= WORKING DATA =

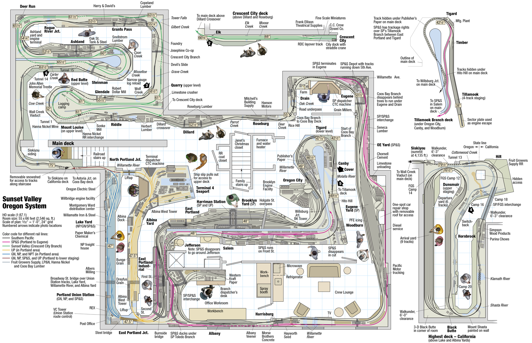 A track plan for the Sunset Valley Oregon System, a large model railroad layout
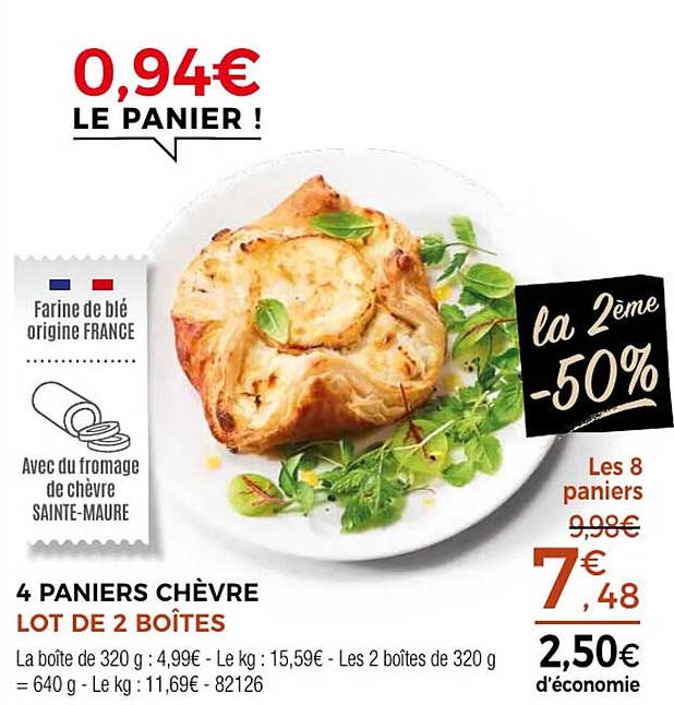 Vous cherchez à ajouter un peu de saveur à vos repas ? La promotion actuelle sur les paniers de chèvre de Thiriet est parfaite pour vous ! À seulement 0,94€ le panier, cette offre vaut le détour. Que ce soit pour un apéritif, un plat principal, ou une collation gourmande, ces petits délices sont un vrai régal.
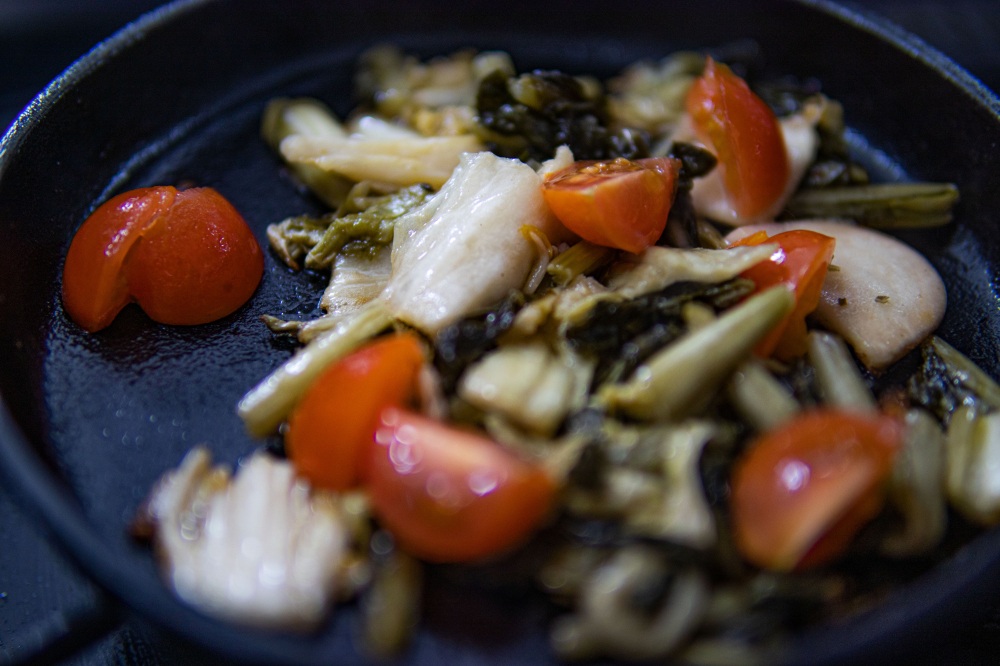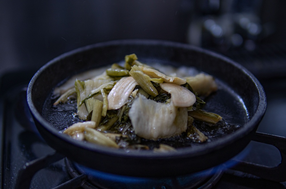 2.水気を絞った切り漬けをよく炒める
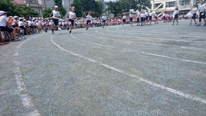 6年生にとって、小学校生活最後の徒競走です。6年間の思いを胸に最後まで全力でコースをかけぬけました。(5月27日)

==

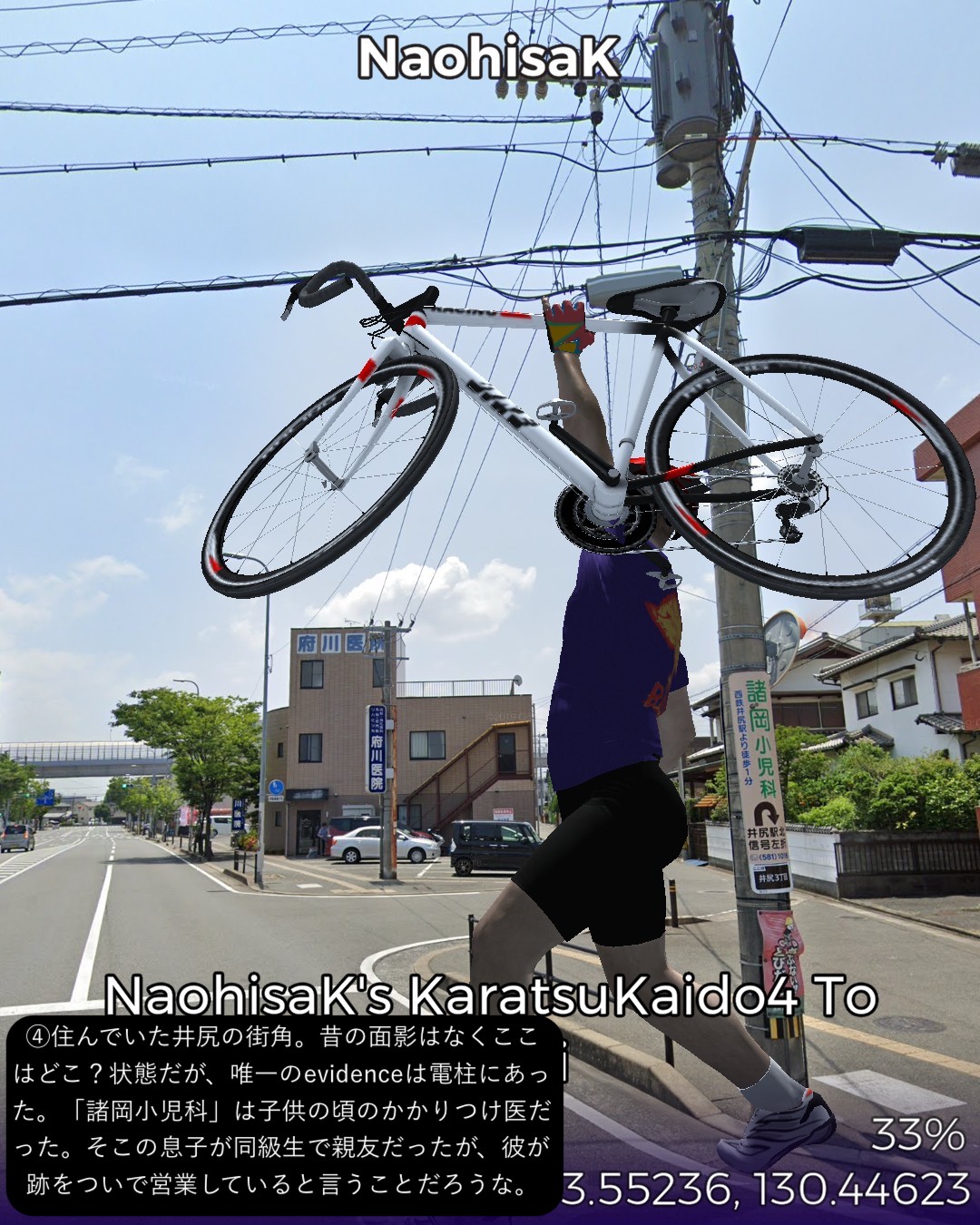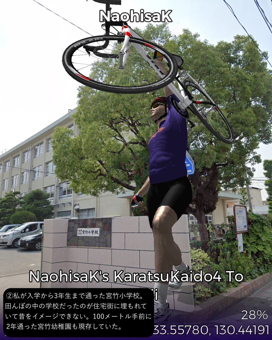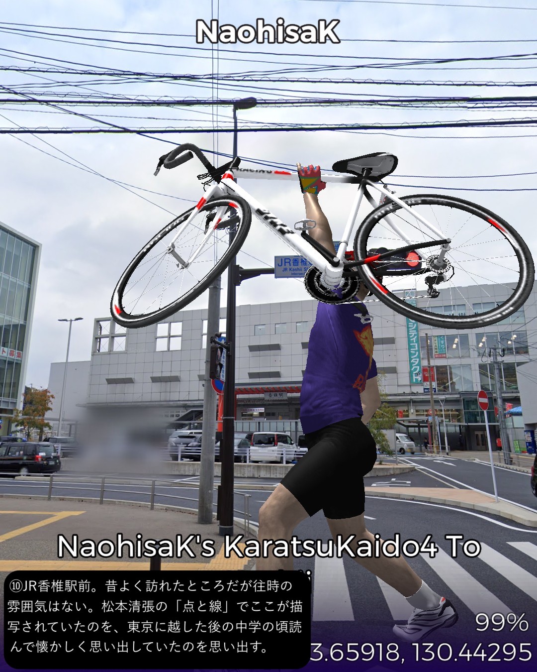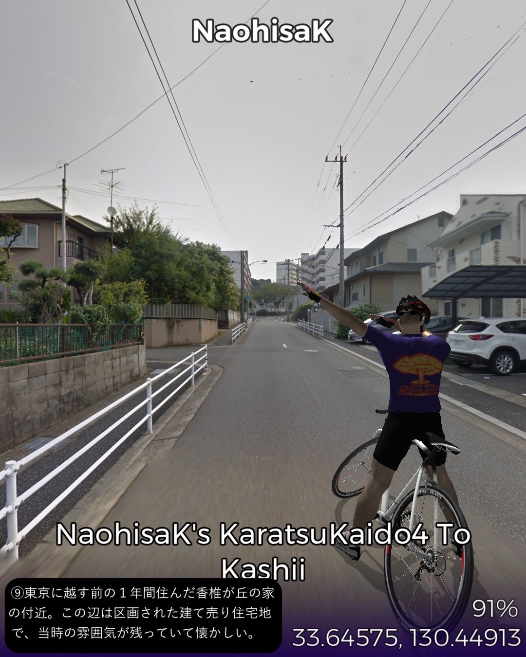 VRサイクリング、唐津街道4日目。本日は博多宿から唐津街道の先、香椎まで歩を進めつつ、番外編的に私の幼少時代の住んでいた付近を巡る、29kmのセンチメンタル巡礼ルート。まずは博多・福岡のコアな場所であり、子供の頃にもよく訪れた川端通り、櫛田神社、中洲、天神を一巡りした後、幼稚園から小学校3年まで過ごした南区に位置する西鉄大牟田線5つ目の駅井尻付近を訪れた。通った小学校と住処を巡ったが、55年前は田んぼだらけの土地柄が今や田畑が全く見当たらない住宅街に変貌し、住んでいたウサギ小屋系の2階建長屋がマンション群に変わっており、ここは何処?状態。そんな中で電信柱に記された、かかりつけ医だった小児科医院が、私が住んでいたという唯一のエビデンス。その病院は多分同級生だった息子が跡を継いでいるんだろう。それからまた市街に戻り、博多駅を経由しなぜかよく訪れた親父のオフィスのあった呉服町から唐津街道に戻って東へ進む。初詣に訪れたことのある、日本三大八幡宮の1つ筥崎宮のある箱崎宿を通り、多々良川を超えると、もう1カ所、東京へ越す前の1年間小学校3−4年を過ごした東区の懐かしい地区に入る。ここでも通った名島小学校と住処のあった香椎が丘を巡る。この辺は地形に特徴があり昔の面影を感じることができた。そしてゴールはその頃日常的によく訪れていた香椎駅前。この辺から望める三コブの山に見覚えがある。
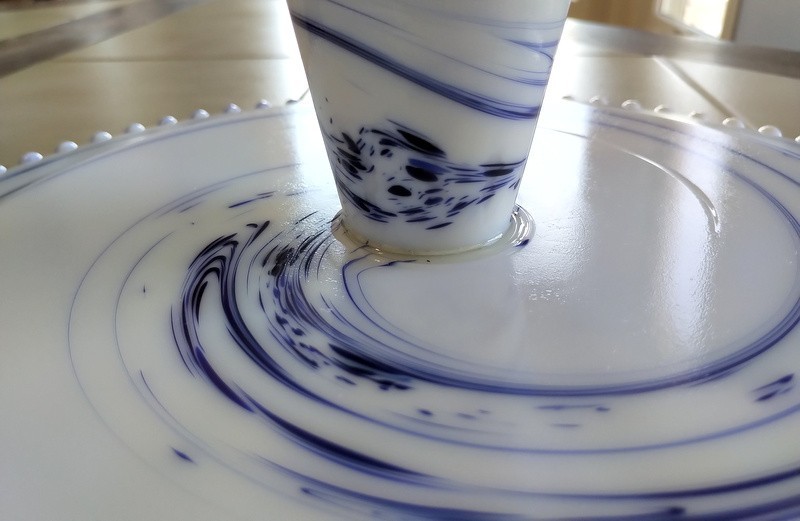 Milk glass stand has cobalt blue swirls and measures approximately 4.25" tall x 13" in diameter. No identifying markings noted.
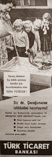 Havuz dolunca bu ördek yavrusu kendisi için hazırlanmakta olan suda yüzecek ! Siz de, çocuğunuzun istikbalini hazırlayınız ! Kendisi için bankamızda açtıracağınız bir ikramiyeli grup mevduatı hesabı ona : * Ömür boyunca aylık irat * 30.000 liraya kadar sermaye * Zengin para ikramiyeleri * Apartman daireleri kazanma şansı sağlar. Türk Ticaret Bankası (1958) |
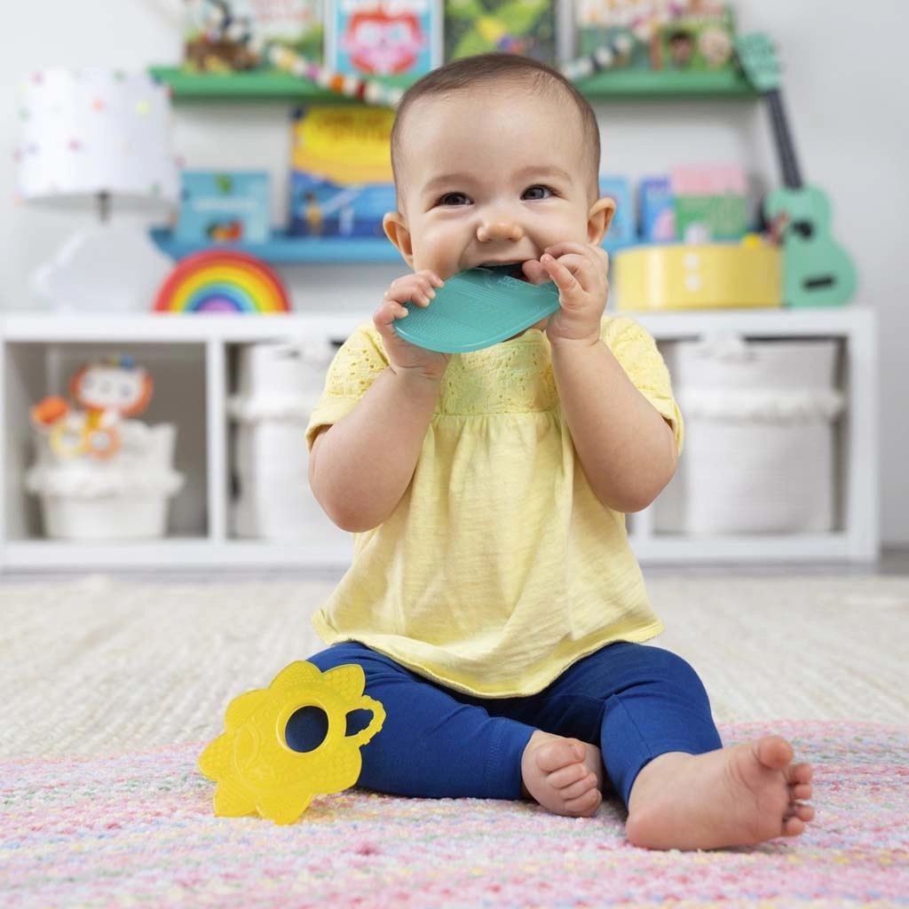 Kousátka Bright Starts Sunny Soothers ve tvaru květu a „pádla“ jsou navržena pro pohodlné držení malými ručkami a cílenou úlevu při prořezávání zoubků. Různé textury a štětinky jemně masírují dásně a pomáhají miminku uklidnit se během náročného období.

= EXERCISE DETAILS =
Excluding any pictures, print exactly the lines of the listing above from the line with "Havuz dolunca bu" to the line with "Kousátka Bright Starts", both ends included.

= OUTPUT FOR THIS EXERCISE =
 Havuz dolunca bu ördek yavrusu kendisi için hazırlanmakta olan suda yüzecek ! Siz de, çocuğunuzun istikbalini hazırlayınız ! Kendisi için bankamızda açtıracağınız bir ikramiyeli grup mevduatı hesabı ona : * Ömür boyunca aylık irat * 30.000 liraya kadar sermaye * Zengin para ikramiyeleri * Apartman daireleri kazanma şansı sağlar. Türk Ticaret Bankası (1958) |
 Kousátka Bright Starts Sunny Soothers ve tvaru květu a „pádla“ jsou navržena pro pohodlné držení malými ručkami a cílenou úlevu při prořezávání zoubků. Různé textury a štětinky jemně masírují dásně a pomáhají miminku uklidnit se během náročného období.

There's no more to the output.